Lord Edward FitzGerald (15 October 1763 – 4 June 1798) was an Irish aristocrat who abandoned his prospects as a distinguished veteran of British service in the American War of Independence, and as an Irish Parliamentarian, to embrace the cause of an independent Irish republic. Unable to reconcile with Ireland's Protestant Ascendancy or with the Kingdom's English-appointed administration, he sought inspiration in revolutionary France where, in 1792, he met and befriended Thomas Paine. From 1796 he became a leading proponent within the Society of United Irishmen of a French-assisted insurrection. On the eve of the intended uprising in May 1798 he was fatally wounded in the course of arrest.

Early years
FitzGerald, the fifth son of the 1st Duke of Leinster and the Lady Emily Lennox (daughter of Charles Lennox, 2nd Duke of Richmond), was born at Carton House, near Dublin. In 1773 his father died and his mother soon afterwards married William Ogilvie, who had been the tutor for him and his siblings. He spent most of his childhood in Frescati House at Blackrock in Dublin where he was tutored by Ogilvie in a manner chiefly directed to the acquisition of knowledge that would fit him for a military career.

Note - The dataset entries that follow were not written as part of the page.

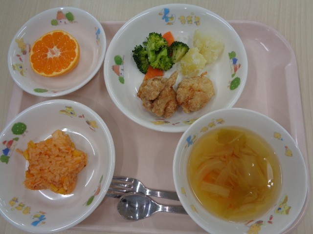 12月24日(水)の給食 公開日 2025/12/24 更新日 2025/12/24 今日の給食 12月24日(水)献立名:ケチャップライス・鶏のから揚げ・ブロッコリーのサラダ・こふき芋・野菜スープ・くだもの(みかん)・牛乳
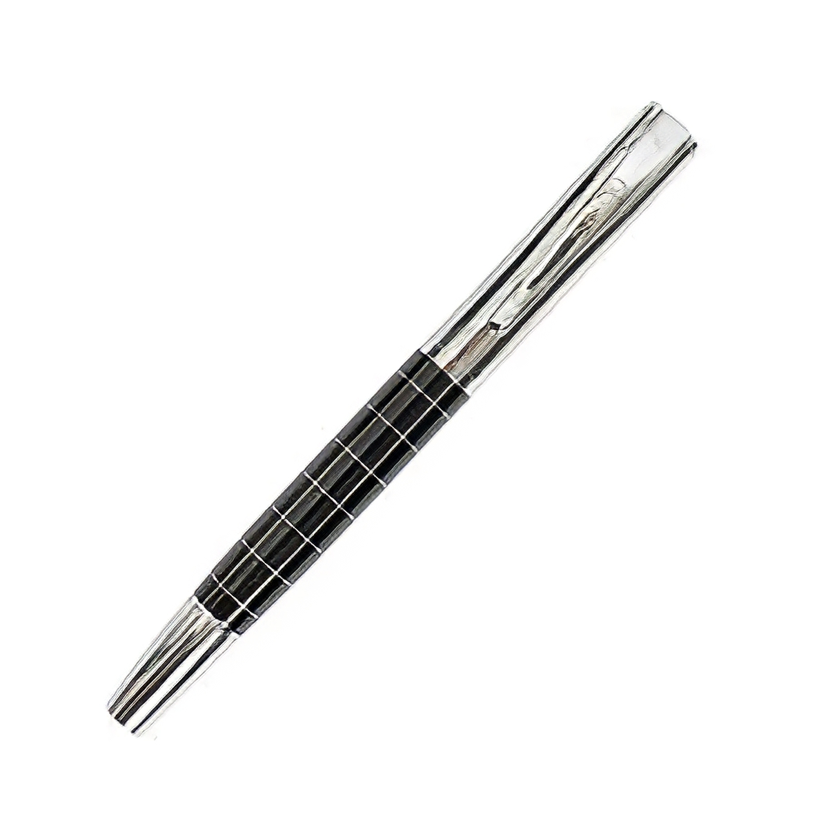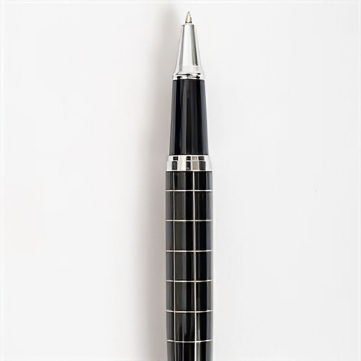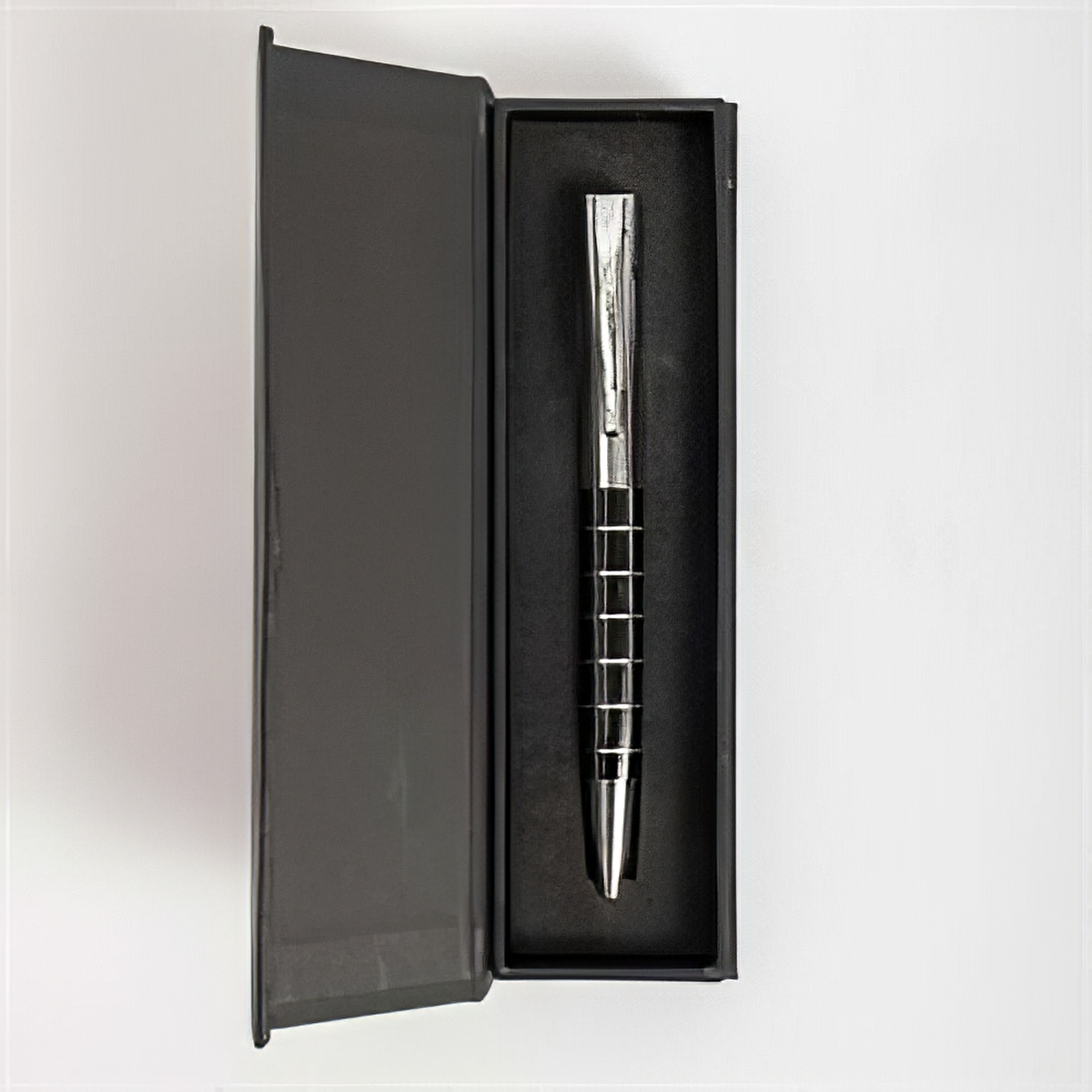 Lapicera con tapa , tinta azul y cuerpo metálico. Cada unidad viene en un estuche de cartón rígido con logo en hot stamping.
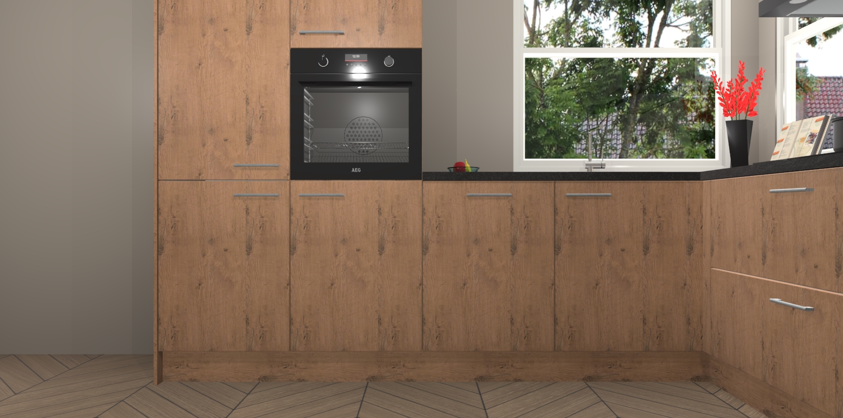 Elke Astoria Eiken keuken Kotor wordt compleet geleverd met vijf inbouwapparaten, waaronder een oven, inductiekookplaat, afzuigkap, vaatwasser en koelkast. Sterker nog - indien gewenst kunt u deze apparaten na bestelling eenvoudig upgraden naar AEG! Extra functies zijn onder andere soft close deuren voor extra gemak, en elke kast wordt voor gemonteerd geleverd zodat u sneller van uw nieuwe keuken kunt genieten.
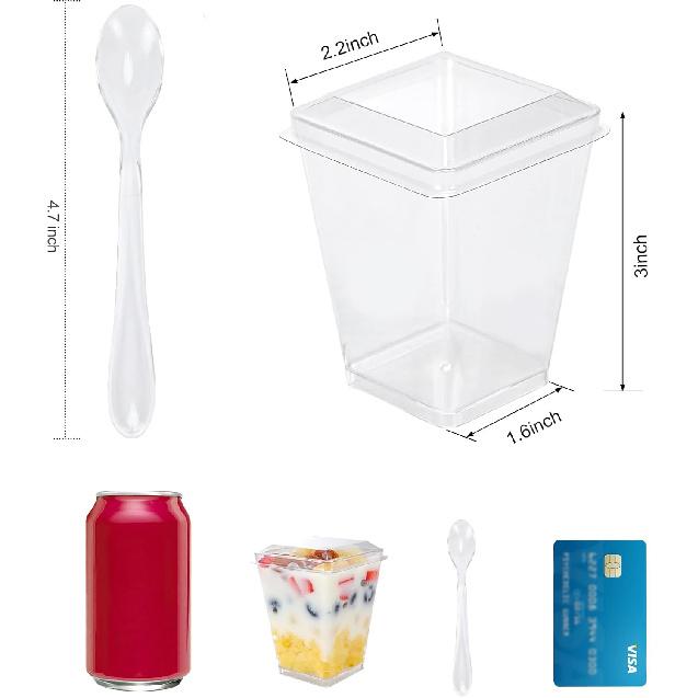 Dessert cups with lids set includes 50 plastic dessert cups, 50 plastic lids and 50 plastic spoons for 50 guests, supporting you with ease for any entertaining and meeting most of your daily needs. Dessert cup size: capacity: 5 oz, cup height: 3 in, cup top length: 2.2 in, cup bottom length: 1.6 in
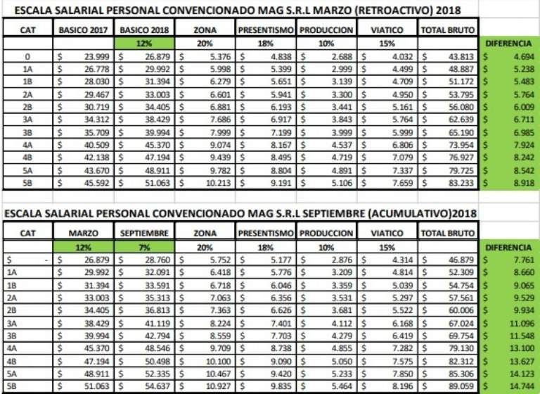Mirá la tabla de nueva escala salarial conformada para el personal bajo convenio de la empresa MAG S.R.L:
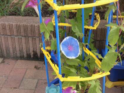 西日本を中心に豪雨の被害が広がっていますが、関東地方は大きな被害はないようです。今日は久しぶりの青空になりそうな朝ですね。1年生の育てている朝顔も大きな花が開いています。

American War of Independence
FitzGerald joined the British Army in 1779 and then became Aide-de-camp on the staff of Lord Rawdon in the southern theatre of the American Revolutionary War. He was seriously wounded at the Battle of Eutaw Springs on 8 September 1781, his life being saved by an escaped slave named Tony Small (nicknamed "Faithful Tony", see Black Loyalist).  FitzGerald commissioned a portrait of Tony Small by John Roberts in 1786. Lord Edward freed Small and employed him to the end of his life. FitzGerald was evacuated from Charleston, South Carolina in 1782 when the British forces abandoned the city. Webb surmises that the success of the American colonists in fighting against regular troops, led him in later years to the conviction that his countrymen in Ireland could cope with them with a similar result.

Post-war military career
In 1783 FitzGerald visited the West Indies before returning to Ireland, where his brother, the 2nd Duke of Leinster, had procured Edward's election to the Irish Parliament as a Member for Athy, a seat he held until 1790. In Parliament he acted with the small Opposition Irish Patriot Party group led by Henry Grattan, but took no prominent part in debate. In the spring of 1786 he took the then unusual step for a young nobleman of entering the Military College, Woolwich, after which he made a tour through Spain in 1787. Dejected by unrequited love for his cousin Georgina Lennox (who later married the 3rd Earl Bathurst), he sailed for New Brunswick to join the 54th Regiment with the rank of Major.

Explorer in the New World
In April 1789, guided by compass, he traversed the country with a brother officer, from Fredericton, New Brunswick to Quebec, falling in with Indians by the way, with whom he fraternized. He accomplished the journey, which is 225 miles by rhumb line (and today 365 miles by road) in twenty-six days, and established a shorter practicable route than that hitherto followed. The rhumb line crosses the extremely rugged and heavily forested northern part of the present state of Maine.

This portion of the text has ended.